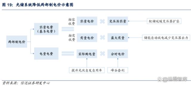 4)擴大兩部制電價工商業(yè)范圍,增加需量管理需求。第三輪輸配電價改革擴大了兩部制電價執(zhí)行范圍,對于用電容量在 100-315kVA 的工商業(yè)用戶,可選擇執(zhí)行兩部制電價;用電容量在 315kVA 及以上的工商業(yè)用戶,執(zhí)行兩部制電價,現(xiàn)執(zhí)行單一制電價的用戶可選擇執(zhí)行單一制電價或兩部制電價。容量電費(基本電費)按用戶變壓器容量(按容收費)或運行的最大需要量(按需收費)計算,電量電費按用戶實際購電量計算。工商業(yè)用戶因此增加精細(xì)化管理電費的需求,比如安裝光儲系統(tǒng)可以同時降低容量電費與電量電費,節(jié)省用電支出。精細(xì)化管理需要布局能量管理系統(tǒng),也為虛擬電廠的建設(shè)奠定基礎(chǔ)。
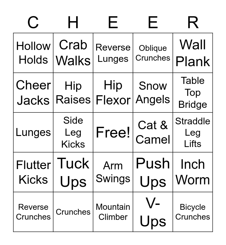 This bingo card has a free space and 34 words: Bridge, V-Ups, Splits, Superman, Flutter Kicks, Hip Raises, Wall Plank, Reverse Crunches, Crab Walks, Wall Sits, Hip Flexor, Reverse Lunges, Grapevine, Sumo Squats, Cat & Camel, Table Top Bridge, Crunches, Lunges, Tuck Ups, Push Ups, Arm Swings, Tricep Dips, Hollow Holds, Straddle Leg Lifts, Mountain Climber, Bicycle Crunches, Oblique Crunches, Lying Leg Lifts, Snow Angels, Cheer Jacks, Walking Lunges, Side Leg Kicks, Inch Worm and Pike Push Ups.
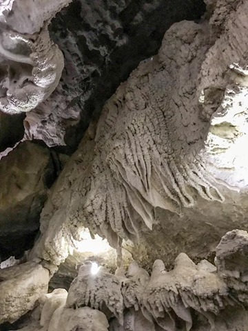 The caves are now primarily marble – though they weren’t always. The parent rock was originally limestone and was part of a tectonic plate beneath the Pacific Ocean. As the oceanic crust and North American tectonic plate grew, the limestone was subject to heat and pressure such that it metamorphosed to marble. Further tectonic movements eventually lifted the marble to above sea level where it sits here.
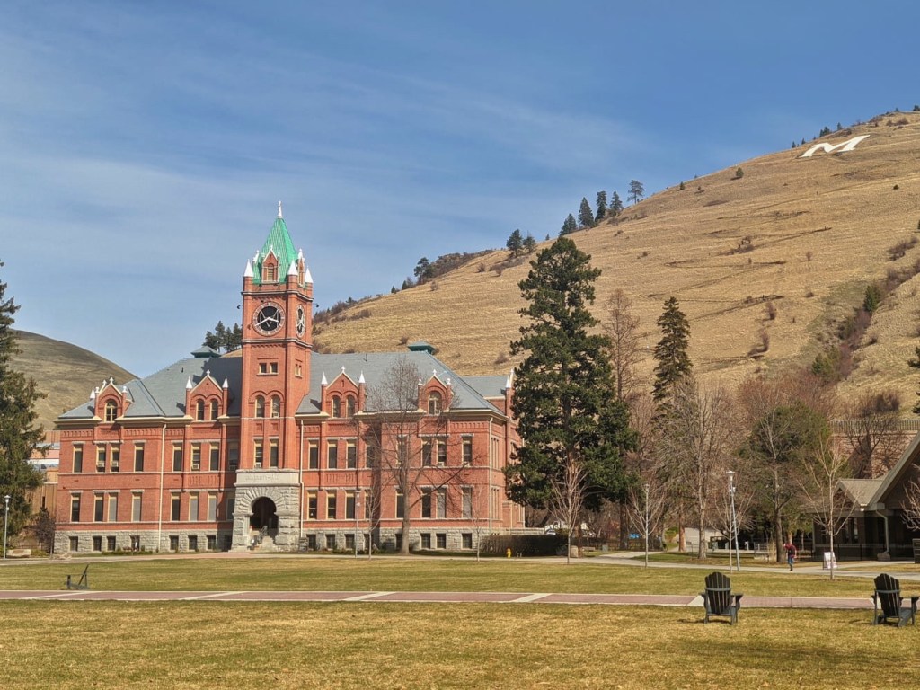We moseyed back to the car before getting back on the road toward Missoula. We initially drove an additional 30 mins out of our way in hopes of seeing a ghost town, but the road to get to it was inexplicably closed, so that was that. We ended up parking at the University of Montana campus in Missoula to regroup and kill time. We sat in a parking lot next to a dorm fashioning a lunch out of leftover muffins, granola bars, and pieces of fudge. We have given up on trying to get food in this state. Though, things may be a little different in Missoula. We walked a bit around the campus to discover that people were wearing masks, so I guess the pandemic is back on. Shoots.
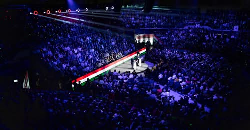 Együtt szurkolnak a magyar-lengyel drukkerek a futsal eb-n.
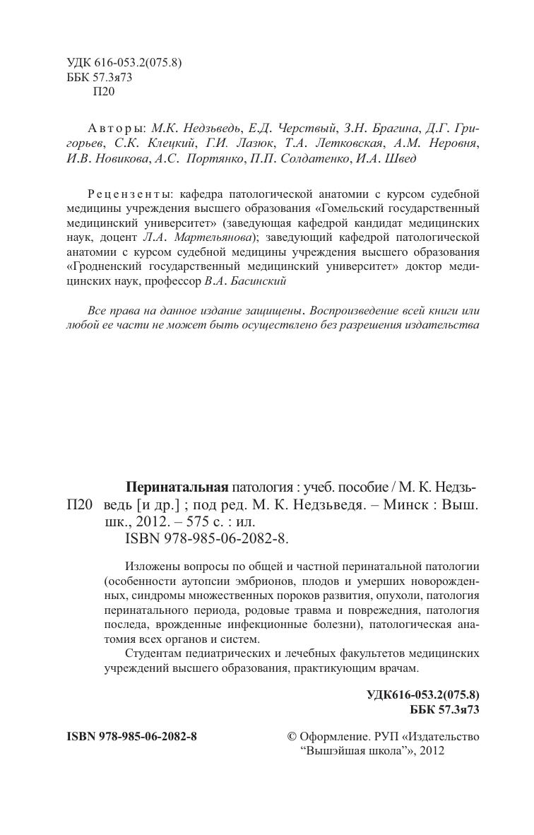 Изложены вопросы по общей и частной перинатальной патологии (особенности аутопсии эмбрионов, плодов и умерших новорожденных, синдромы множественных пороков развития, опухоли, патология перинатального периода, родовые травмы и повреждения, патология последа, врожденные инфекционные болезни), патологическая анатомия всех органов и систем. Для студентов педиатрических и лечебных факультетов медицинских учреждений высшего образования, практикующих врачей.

### Task prompt:
When you output the listing, reproduce it exactly but drop its pictures.

### Answer to this problem:
 4)擴大兩部制電價工商業(yè)范圍,增加需量管理需求。第三輪輸配電價改革擴大了兩部制電價執(zhí)行范圍,對于用電容量在 100-315kVA 的工商業(yè)用戶,可選擇執(zhí)行兩部制電價;用電容量在 315kVA 及以上的工商業(yè)用戶,執(zhí)行兩部制電價,現(xiàn)執(zhí)行單一制電價的用戶可選擇執(zhí)行單一制電價或兩部制電價。容量電費(基本電費)按用戶變壓器容量(按容收費)或運行的最大需要量(按需收費)計算,電量電費按用戶實際購電量計算。工商業(yè)用戶因此增加精細(xì)化管理電費的需求,比如安裝光儲系統(tǒng)可以同時降低容量電費與電量電費,節(jié)省用電支出。精細(xì)化管理需要布局能量管理系統(tǒng),也為虛擬電廠的建設(shè)奠定基礎(chǔ)。
 This bingo card has a free space and 34 words: Bridge, V-Ups, Splits, Superman, Flutter Kicks, Hip Raises, Wall Plank, Reverse Crunches, Crab Walks, Wall Sits, Hip Flexor, Reverse Lunges, Grapevine, Sumo Squats, Cat & Camel, Table Top Bridge, Crunches, Lunges, Tuck Ups, Push Ups, Arm Swings, Tricep Dips, Hollow Holds, Straddle Leg Lifts, Mountain Climber, Bicycle Crunches, Oblique Crunches, Lying Leg Lifts, Snow Angels, Cheer Jacks, Walking Lunges, Side Leg Kicks, Inch Worm and Pike Push Ups.
 The caves are now primarily marble – though they weren’t always. The parent rock was originally limestone and was part of a tectonic plate beneath the Pacific Ocean. As the oceanic crust and North American tectonic plate grew, the limestone was subject to heat and pressure such that it metamorphosed to marble. Further tectonic movements eventually lifted the marble to above sea level where it sits here.
We moseyed back to the car before getting back on the road toward Missoula. We initially drove an additional 30 mins out of our way in hopes of seeing a ghost town, but the road to get to it was inexplicably closed, so that was that. We ended up parking at the University of Montana campus in Missoula to regroup and kill time. We sat in a parking lot next to a dorm fashioning a lunch out of leftover muffins, granola bars, and pieces of fudge. We have given up on trying to get food in this state. Though, things may be a little different in Missoula. We walked a bit around the campus to discover that people were wearing masks, so I guess the pandemic is back on. Shoots.
 Együtt szurkolnak a magyar-lengyel drukkerek a futsal eb-n.
 Изложены вопросы по общей и частной перинатальной патологии (особенности аутопсии эмбрионов, плодов и умерших новорожденных, синдромы множественных пороков развития, опухоли, патология перинатального периода, родовые травмы и повреждения, патология последа, врожденные инфекционные болезни), патологическая анатомия всех органов и систем. Для студентов педиатрических и лечебных факультетов медицинских учреждений высшего образования, практикующих врачей.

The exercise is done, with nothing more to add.